INPUT DATA -
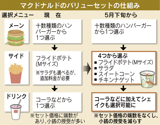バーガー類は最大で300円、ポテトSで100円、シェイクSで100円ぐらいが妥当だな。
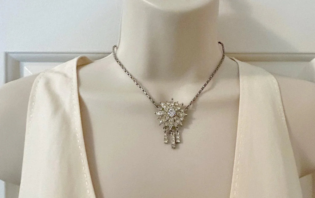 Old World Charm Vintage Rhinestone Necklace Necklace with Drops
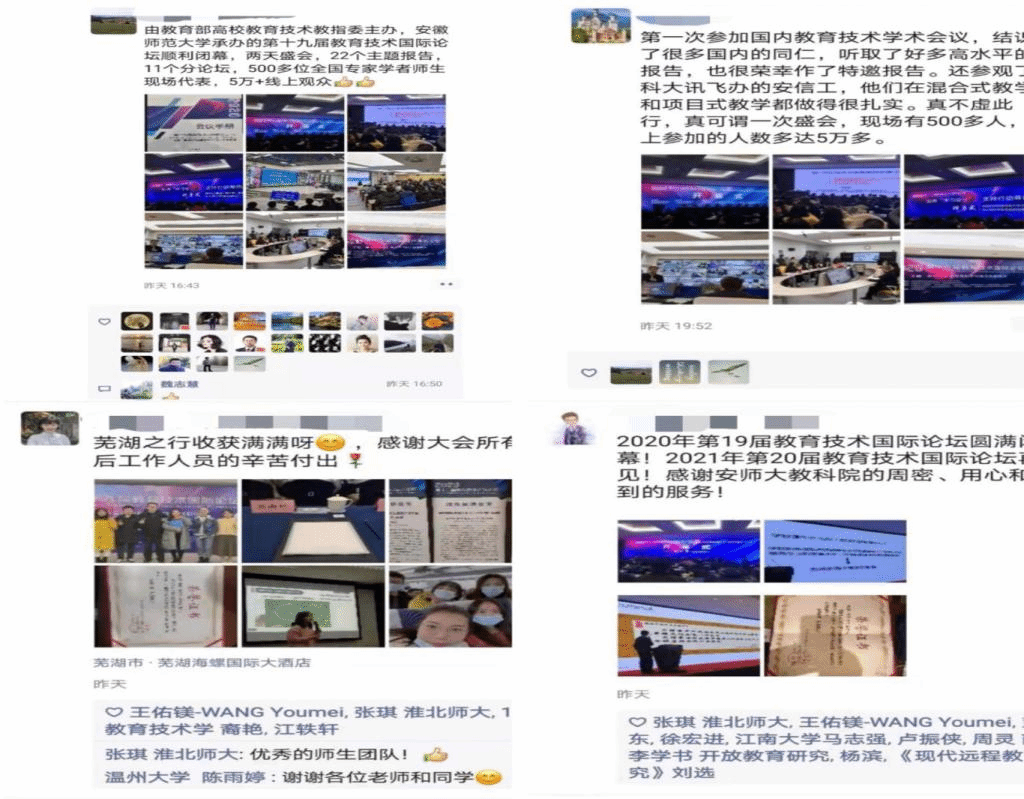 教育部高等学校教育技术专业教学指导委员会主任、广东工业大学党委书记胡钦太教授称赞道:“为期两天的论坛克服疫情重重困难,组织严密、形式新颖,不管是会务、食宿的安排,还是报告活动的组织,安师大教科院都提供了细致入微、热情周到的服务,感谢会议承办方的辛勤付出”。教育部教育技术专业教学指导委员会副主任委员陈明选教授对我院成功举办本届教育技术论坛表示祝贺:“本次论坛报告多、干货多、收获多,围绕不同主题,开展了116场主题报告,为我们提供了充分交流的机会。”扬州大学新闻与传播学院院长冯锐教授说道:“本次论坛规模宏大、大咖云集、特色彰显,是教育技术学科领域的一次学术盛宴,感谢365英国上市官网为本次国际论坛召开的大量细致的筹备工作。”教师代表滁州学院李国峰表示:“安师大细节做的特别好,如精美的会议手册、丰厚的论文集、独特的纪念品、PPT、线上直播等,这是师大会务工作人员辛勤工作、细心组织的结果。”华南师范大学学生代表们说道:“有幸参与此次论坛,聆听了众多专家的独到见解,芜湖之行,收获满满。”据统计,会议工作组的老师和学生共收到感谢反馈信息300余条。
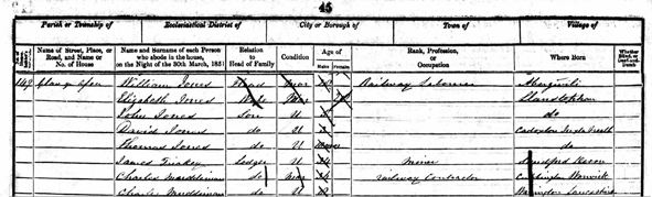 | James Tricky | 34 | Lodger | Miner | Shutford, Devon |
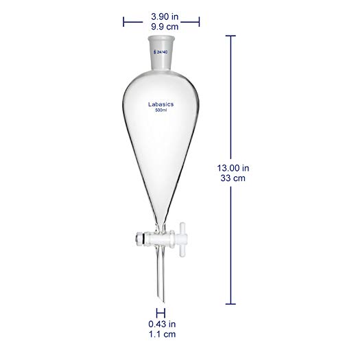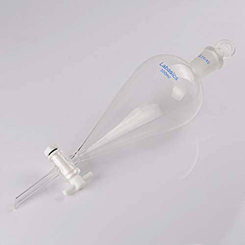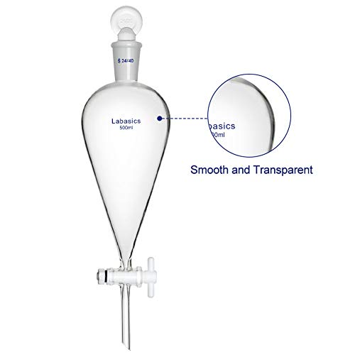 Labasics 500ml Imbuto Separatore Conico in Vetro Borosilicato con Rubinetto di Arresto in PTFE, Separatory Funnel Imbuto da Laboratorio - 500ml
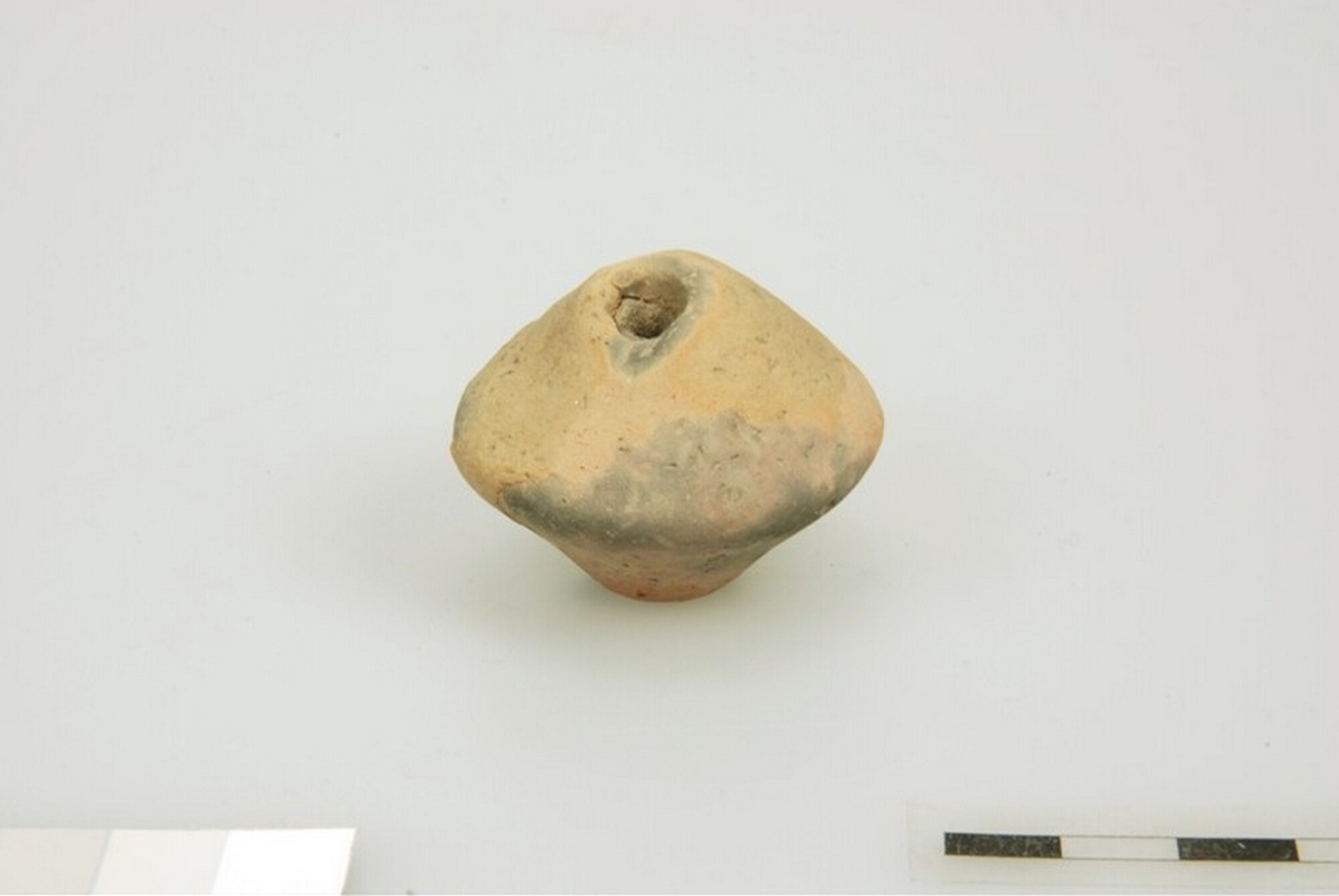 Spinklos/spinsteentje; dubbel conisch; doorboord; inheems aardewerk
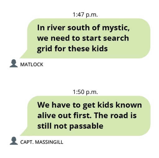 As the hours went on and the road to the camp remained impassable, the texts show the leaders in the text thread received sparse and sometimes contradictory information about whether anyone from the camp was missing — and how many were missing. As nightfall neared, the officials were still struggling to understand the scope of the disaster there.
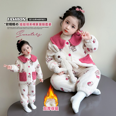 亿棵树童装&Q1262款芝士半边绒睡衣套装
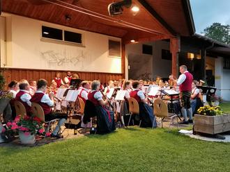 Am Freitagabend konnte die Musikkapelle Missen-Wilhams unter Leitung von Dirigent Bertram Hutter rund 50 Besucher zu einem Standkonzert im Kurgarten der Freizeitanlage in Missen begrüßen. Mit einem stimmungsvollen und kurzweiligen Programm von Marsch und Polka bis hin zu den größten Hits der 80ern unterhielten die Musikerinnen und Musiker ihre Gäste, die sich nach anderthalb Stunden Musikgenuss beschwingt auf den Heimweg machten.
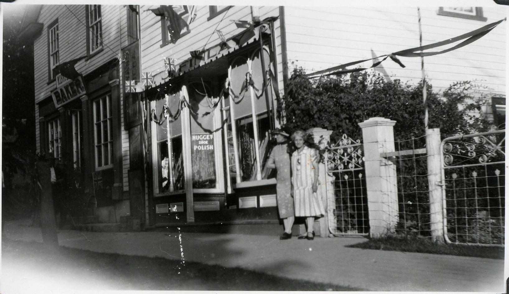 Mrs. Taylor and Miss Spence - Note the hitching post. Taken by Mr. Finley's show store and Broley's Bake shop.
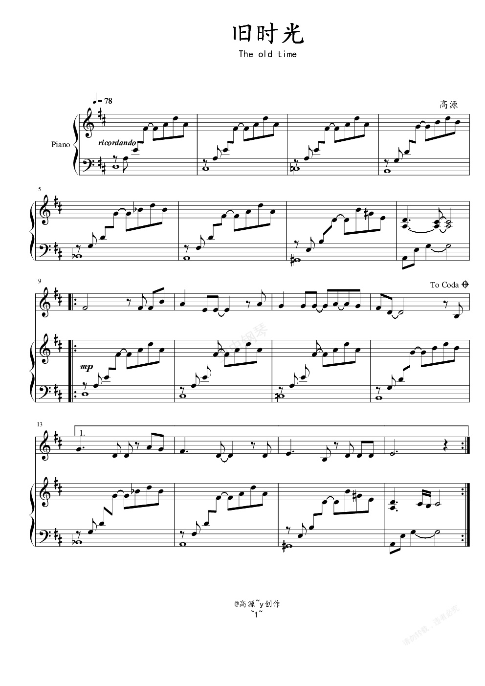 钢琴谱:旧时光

GOAL OF THE EXERCISE -
If pictures are present, they are dropped, and the entries above are written out word for word.

SOLUTION TO THE PROBLEM -
バーガー類は最大で300円、ポテトSで100円、シェイクSで100円ぐらいが妥当だな。
 Old World Charm Vintage Rhinestone Necklace Necklace with Drops
 教育部高等学校教育技术专业教学指导委员会主任、广东工业大学党委书记胡钦太教授称赞道:“为期两天的论坛克服疫情重重困难,组织严密、形式新颖,不管是会务、食宿的安排,还是报告活动的组织,安师大教科院都提供了细致入微、热情周到的服务,感谢会议承办方的辛勤付出”。教育部教育技术专业教学指导委员会副主任委员陈明选教授对我院成功举办本届教育技术论坛表示祝贺:“本次论坛报告多、干货多、收获多,围绕不同主题,开展了116场主题报告,为我们提供了充分交流的机会。”扬州大学新闻与传播学院院长冯锐教授说道:“本次论坛规模宏大、大咖云集、特色彰显,是教育技术学科领域的一次学术盛宴,感谢365英国上市官网为本次国际论坛召开的大量细致的筹备工作。”教师代表滁州学院李国峰表示:“安师大细节做的特别好,如精美的会议手册、丰厚的论文集、独特的纪念品、PPT、线上直播等,这是师大会务工作人员辛勤工作、细心组织的结果。”华南师范大学学生代表们说道:“有幸参与此次论坛,聆听了众多专家的独到见解,芜湖之行,收获满满。”据统计,会议工作组的老师和学生共收到感谢反馈信息300余条。
 | James Tricky | 34 | Lodger | Miner | Shutford, Devon |
 Labasics 500ml Imbuto Separatore Conico in Vetro Borosilicato con Rubinetto di Arresto in PTFE, Separatory Funnel Imbuto da Laboratorio - 500ml
 Spinklos/spinsteentje; dubbel conisch; doorboord; inheems aardewerk
 As the hours went on and the road to the camp remained impassable, the texts show the leaders in the text thread received sparse and sometimes contradictory information about whether anyone from the camp was missing — and how many were missing. As nightfall neared, the officials were still struggling to understand the scope of the disaster there.
 亿棵树童装&Q1262款芝士半边绒睡衣套装
 Am Freitagabend konnte die Musikkapelle Missen-Wilhams unter Leitung von Dirigent Bertram Hutter rund 50 Besucher zu einem Standkonzert im Kurgarten der Freizeitanlage in Missen begrüßen. Mit einem stimmungsvollen und kurzweiligen Programm von Marsch und Polka bis hin zu den größten Hits der 80ern unterhielten die Musikerinnen und Musiker ihre Gäste, die sich nach anderthalb Stunden Musikgenuss beschwingt auf den Heimweg machten.
 Mrs. Taylor and Miss Spence - Note the hitching post. Taken by Mr. Finley's show store and Broley's Bake shop.
 钢琴谱:旧时光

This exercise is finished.